Data Management and Software Centre, European Spallation Source ERIC, Copenhagen, Denmark.
Biochemistry and Structural Biology, University of Lund, Lund, Sweden.
PLoS Comput Biol. 2018 Dec 17;14(12):e1006641. doi: 10.1371/journal.pcbi.1006641. eCollection 2018 Dec.
Many proteins consist of folded domains connected by regions with higher flexibility. The details of the resulting conformational ensemble play a central role in controlling interactions between domains and with binding partners.
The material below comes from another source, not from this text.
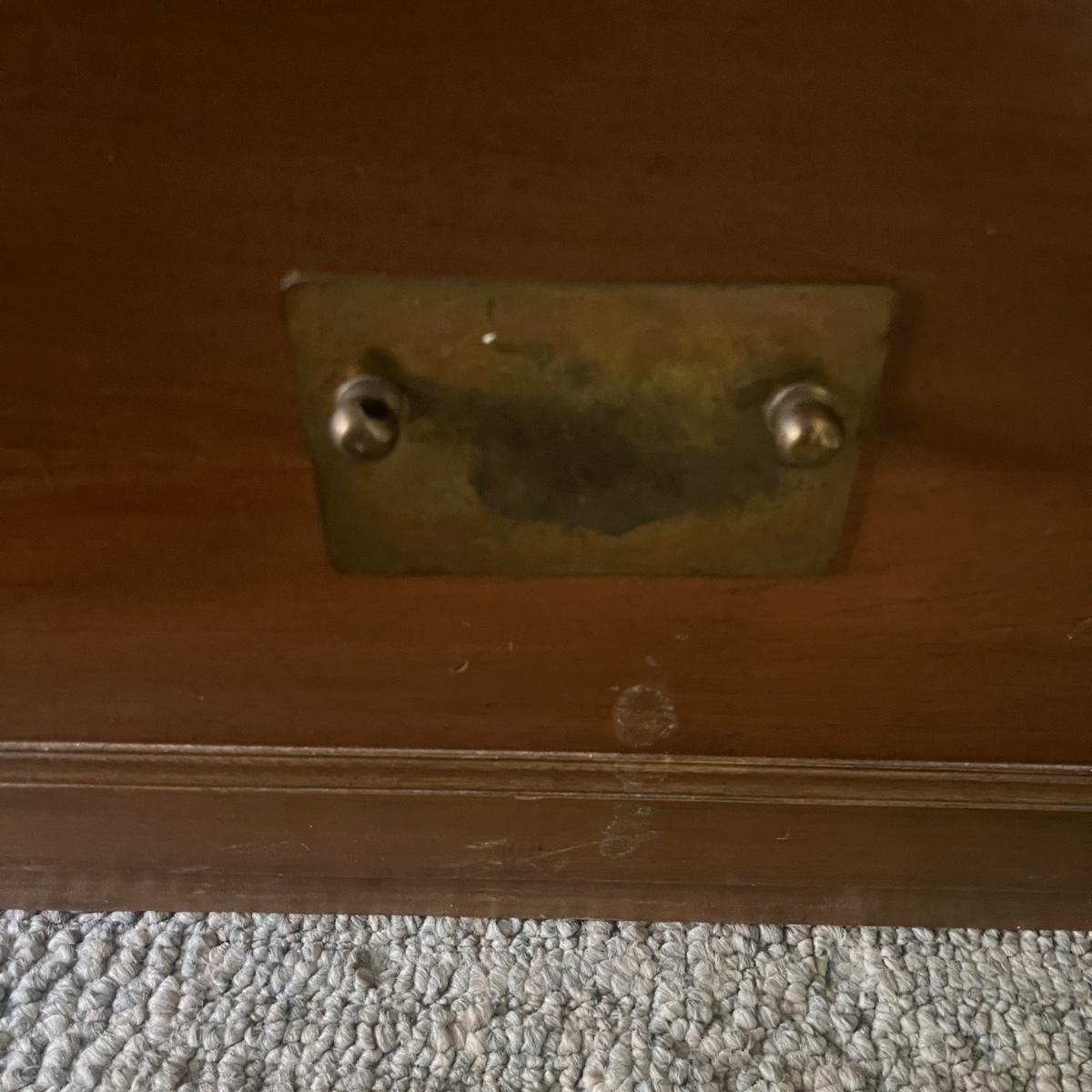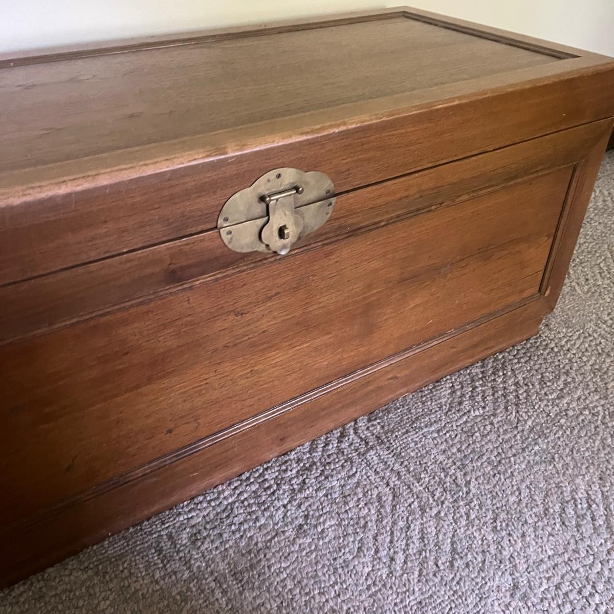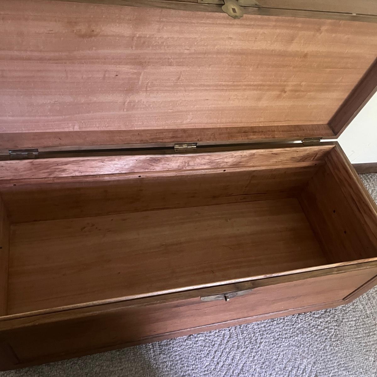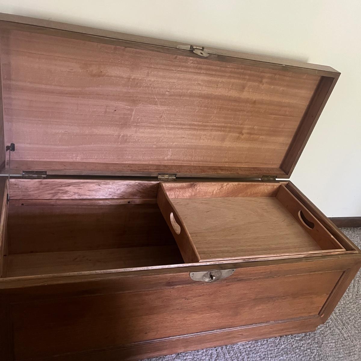 Lot includes a large cedar lined chest with one wooden tray. Chest measures 48” x 20” x 20”H. Handles on both ends are missing pieces, see pictures.

Small-Angle Scattering (SAS) is well-suited to study the conformational states adopted by proteins in solution. However, analysis is complicated by the limited information content in SAS data and care must be taken to avoid constructing overly complex ensemble models and fitting to noise in the experimental data. To address these challenges, we developed a method based on Bayesian statistics that infers conformational ensembles from a structural library generated by all-atom Monte Carlo simulations. The first stage of the method involves a fast model selection based on variational Bayesian inference that maximizes the model evidence of the selected ensemble. This is followed by a complete Bayesian inference of population weights in the selected ensemble. Experiments with simulated ensembles demonstrate that model evidence is capable of identifying the correct ensemble and that correct number of ensemble members can be recovered up to high level of noise. Using experimental data, we demonstrate how the method can be extended to include data from Nuclear Magnetic Resonance (NMR) and structural energies of conformers extracted from the all-atom energy functions. We show that the data from SAXS, NMR chemical shifts and energies calculated from conformers can work synergistically to improve the definition of the conformational ensemble.
许多蛋白质由折叠结构域通过柔性较高的区域连接而成。这些构象的细节在控制结构域之间以及与结合伴侣之间的相互作用方面起着核心作用。小角度散射(SAS)非常适合研究蛋白质在溶液中采用的构象状态。然而,由于 SAS 数据的信息量有限,分析变得复杂,必须注意避免构建过于复杂的构象模型并拟合实验数据中的噪声。为了解决这些挑战,我们开发了一种基于贝叶斯统计的方法,该方法从通过全原子蒙特卡罗模拟生成的结构库中推断构象集合。该方法的第一阶段涉及基于变分贝叶斯推断的快速模型选择,该推断最大限度地提高了所选集合的模型证据。随后是在所选集合中对种群权重进行完整的贝叶斯推断。用模拟集合进行的实验表明,模型证据能够识别正确的集合,并且可以在高噪声水平下恢复正确数量的集合成员。使用实验数据,我们演示了如何扩展该方法以包括来自核磁共振(NMR)的数据和从全原子能量函数中提取的构象的结构能量。我们表明,来自 SAXS、NMR 化学位移和从构象计算的能量的数据可以协同作用,以改善构象集合的定义。